(Data extract)

--------------------------------------------------

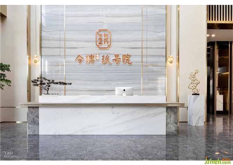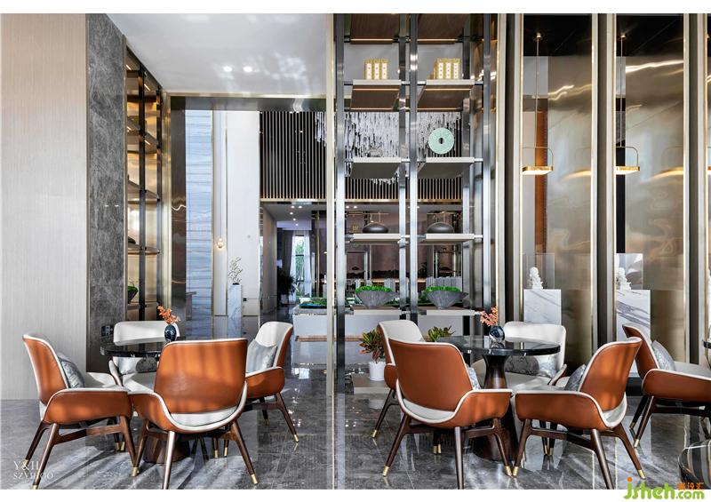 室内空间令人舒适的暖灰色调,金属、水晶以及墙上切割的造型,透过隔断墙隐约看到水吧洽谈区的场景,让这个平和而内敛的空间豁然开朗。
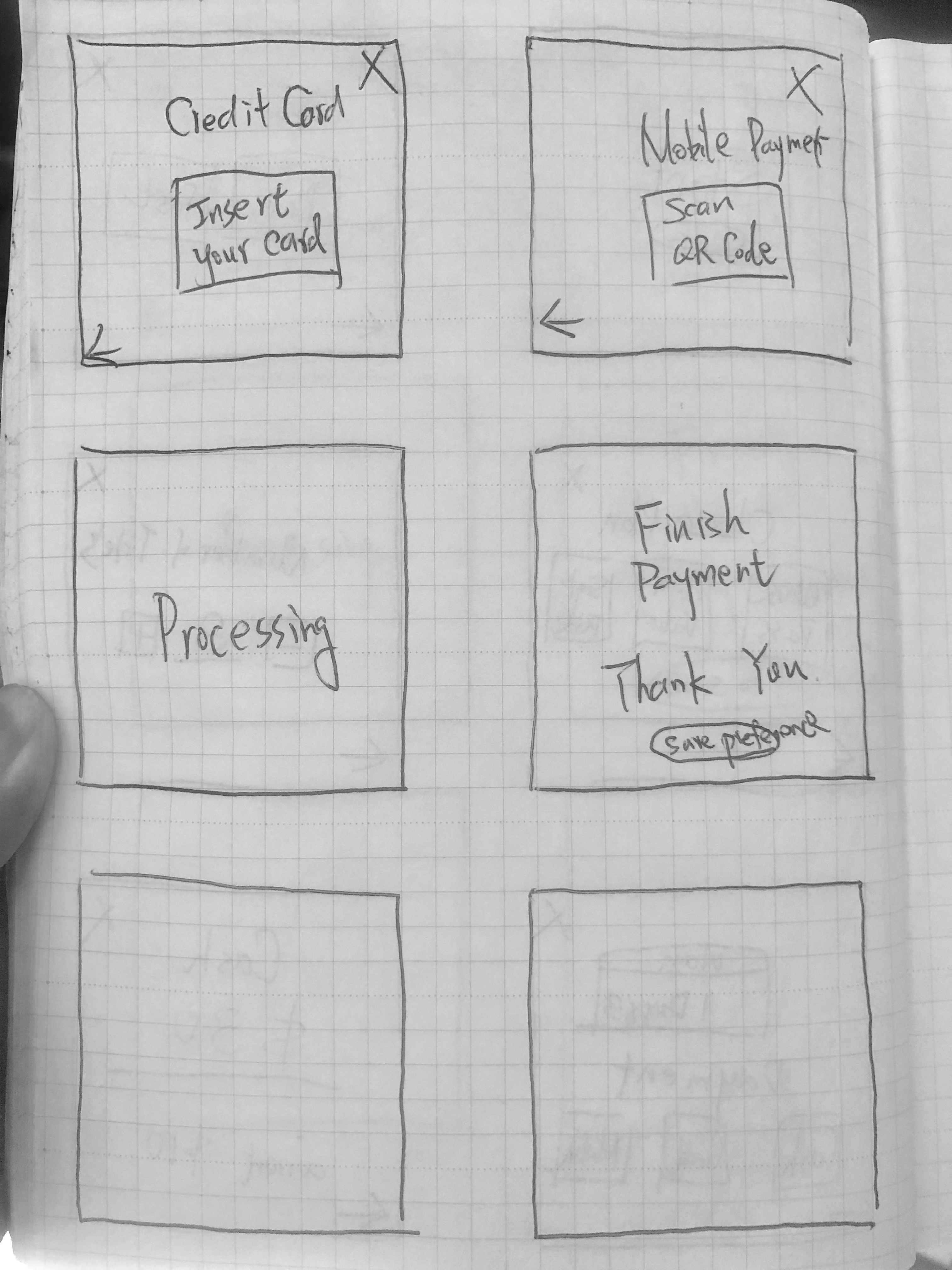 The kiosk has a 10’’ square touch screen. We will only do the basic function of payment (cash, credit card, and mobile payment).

--------------------------------------------------

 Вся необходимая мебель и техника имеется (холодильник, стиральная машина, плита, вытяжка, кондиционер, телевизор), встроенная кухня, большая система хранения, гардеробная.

--------------------------------------------------

Copy word for word only the lines above from the one with "室内空间令人舒适的暖灰色调,金属、水晶以" through the one with "The kiosk has". Leave pictures out.

 室内空间令人舒适的暖灰色调,金属、水晶以及墙上切割的造型,透过隔断墙隐约看到水吧洽谈区的场景,让这个平和而内敛的空间豁然开朗。
 The kiosk has a 10’’ square touch screen. We will only do the basic function of payment (cash, credit card, and mobile payment).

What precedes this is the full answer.